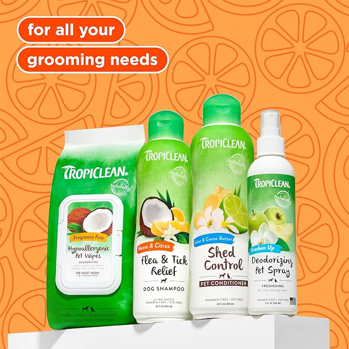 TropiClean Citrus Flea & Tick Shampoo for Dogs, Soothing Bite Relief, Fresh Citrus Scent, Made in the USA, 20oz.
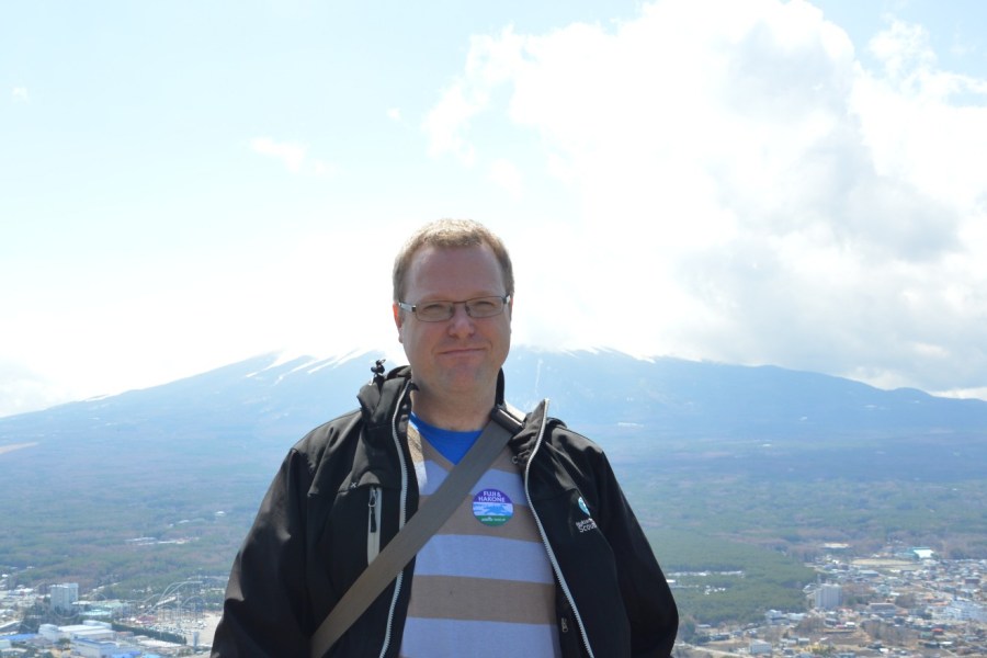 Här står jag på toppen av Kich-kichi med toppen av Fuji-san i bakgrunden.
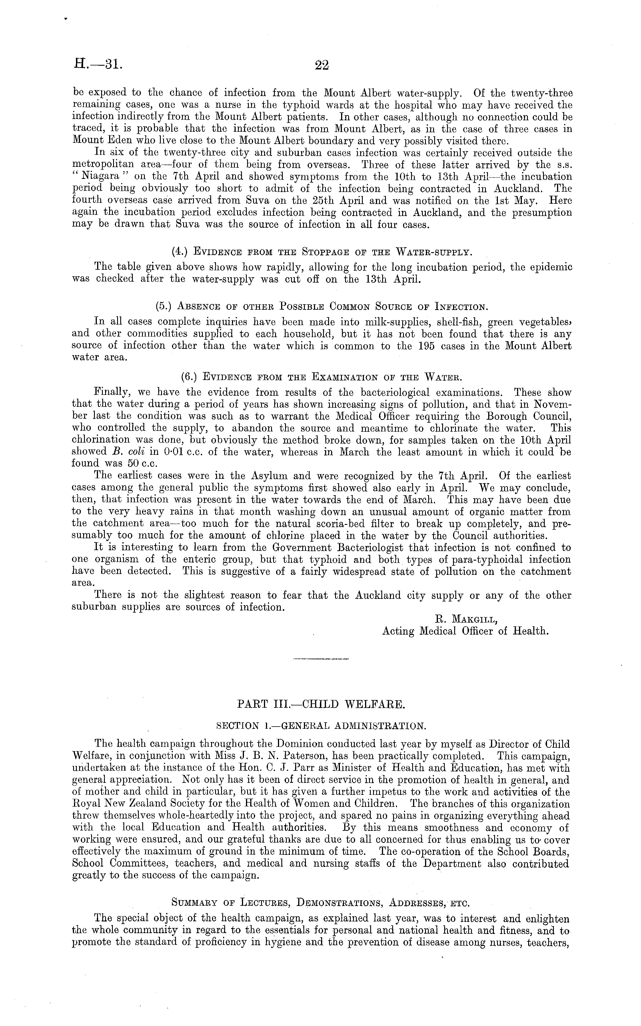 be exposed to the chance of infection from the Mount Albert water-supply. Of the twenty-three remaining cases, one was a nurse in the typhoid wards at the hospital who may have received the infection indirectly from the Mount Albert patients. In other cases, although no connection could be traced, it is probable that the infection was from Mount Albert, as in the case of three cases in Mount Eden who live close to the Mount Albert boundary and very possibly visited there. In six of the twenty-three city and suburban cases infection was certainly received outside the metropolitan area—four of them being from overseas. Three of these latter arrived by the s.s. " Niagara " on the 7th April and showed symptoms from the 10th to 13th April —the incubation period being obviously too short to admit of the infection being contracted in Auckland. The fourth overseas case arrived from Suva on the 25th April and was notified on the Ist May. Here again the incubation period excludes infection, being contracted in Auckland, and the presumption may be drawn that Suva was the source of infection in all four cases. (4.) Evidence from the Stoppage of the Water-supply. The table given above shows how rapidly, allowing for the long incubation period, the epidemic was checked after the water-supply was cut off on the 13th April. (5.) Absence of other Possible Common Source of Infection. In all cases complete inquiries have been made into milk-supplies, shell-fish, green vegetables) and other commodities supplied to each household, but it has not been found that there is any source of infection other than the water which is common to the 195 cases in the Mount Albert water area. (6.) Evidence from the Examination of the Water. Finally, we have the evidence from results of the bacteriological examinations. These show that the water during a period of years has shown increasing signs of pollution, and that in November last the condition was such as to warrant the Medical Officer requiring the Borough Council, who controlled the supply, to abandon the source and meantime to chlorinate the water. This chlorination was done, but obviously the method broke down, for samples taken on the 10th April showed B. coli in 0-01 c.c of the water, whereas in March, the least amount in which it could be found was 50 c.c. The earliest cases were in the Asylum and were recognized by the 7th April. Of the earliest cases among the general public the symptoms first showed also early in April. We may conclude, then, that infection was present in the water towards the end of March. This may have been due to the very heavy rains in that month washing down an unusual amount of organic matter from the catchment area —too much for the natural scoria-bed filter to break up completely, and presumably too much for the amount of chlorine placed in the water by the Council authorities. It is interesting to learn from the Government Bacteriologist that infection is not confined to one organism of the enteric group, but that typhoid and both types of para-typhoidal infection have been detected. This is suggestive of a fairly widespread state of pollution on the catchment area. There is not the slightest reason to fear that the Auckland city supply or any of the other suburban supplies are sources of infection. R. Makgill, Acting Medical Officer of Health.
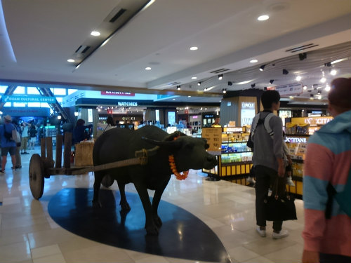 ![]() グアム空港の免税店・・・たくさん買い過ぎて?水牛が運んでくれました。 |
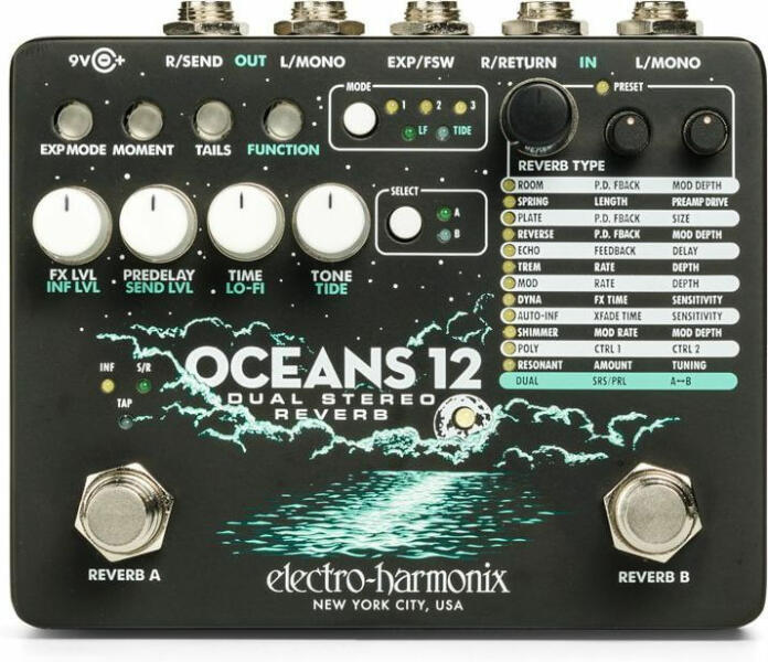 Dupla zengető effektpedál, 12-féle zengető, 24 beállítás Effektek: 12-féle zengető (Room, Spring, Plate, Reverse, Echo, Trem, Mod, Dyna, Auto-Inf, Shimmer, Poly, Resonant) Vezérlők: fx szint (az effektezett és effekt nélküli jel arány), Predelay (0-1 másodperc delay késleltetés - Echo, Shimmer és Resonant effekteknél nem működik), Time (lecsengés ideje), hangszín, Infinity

□ □ □ □

*What is expected:* Everything in the records above must be restated verbatim, save for the pictures.

*Output:*
 TropiClean Citrus Flea & Tick Shampoo for Dogs, Soothing Bite Relief, Fresh Citrus Scent, Made in the USA, 20oz.
 Här står jag på toppen av Kich-kichi med toppen av Fuji-san i bakgrunden.
 be exposed to the chance of infection from the Mount Albert water-supply. Of the twenty-three remaining cases, one was a nurse in the typhoid wards at the hospital who may have received the infection indirectly from the Mount Albert patients. In other cases, although no connection could be traced, it is probable that the infection was from Mount Albert, as in the case of three cases in Mount Eden who live close to the Mount Albert boundary and very possibly visited there. In six of the twenty-three city and suburban cases infection was certainly received outside the metropolitan area—four of them being from overseas. Three of these latter arrived by the s.s. " Niagara " on the 7th April and showed symptoms from the 10th to 13th April —the incubation period being obviously too short to admit of the infection being contracted in Auckland. The fourth overseas case arrived from Suva on the 25th April and was notified on the Ist May. Here again the incubation period excludes infection, being contracted in Auckland, and the presumption may be drawn that Suva was the source of infection in all four cases. (4.) Evidence from the Stoppage of the Water-supply. The table given above shows how rapidly, allowing for the long incubation period, the epidemic was checked after the water-supply was cut off on the 13th April. (5.) Absence of other Possible Common Source of Infection. In all cases complete inquiries have been made into milk-supplies, shell-fish, green vegetables) and other commodities supplied to each household, but it has not been found that there is any source of infection other than the water which is common to the 195 cases in the Mount Albert water area. (6.) Evidence from the Examination of the Water. Finally, we have the evidence from results of the bacteriological examinations. These show that the water during a period of years has shown increasing signs of pollution, and that in November last the condition was such as to warrant the Medical Officer requiring the Borough Council, who controlled the supply, to abandon the source and meantime to chlorinate the water. This chlorination was done, but obviously the method broke down, for samples taken on the 10th April showed B. coli in 0-01 c.c of the water, whereas in March, the least amount in which it could be found was 50 c.c. The earliest cases were in the Asylum and were recognized by the 7th April. Of the earliest cases among the general public the symptoms first showed also early in April. We may conclude, then, that infection was present in the water towards the end of March. This may have been due to the very heavy rains in that month washing down an unusual amount of organic matter from the catchment area —too much for the natural scoria-bed filter to break up completely, and presumably too much for the amount of chlorine placed in the water by the Council authorities. It is interesting to learn from the Government Bacteriologist that infection is not confined to one organism of the enteric group, but that typhoid and both types of para-typhoidal infection have been detected. This is suggestive of a fairly widespread state of pollution on the catchment area. There is not the slightest reason to fear that the Auckland city supply or any of the other suburban supplies are sources of infection. R. Makgill, Acting Medical Officer of Health.
 ![]() グアム空港の免税店・・・たくさん買い過ぎて?水牛が運んでくれました。 |
 Dupla zengető effektpedál, 12-féle zengető, 24 beállítás Effektek: 12-féle zengető (Room, Spring, Plate, Reverse, Echo, Trem, Mod, Dyna, Auto-Inf, Shimmer, Poly, Resonant) Vezérlők: fx szint (az effektezett és effekt nélküli jel arány), Predelay (0-1 másodperc delay késleltetés - Echo, Shimmer és Resonant effekteknél nem működik), Time (lecsengés ideje), hangszín, Infinity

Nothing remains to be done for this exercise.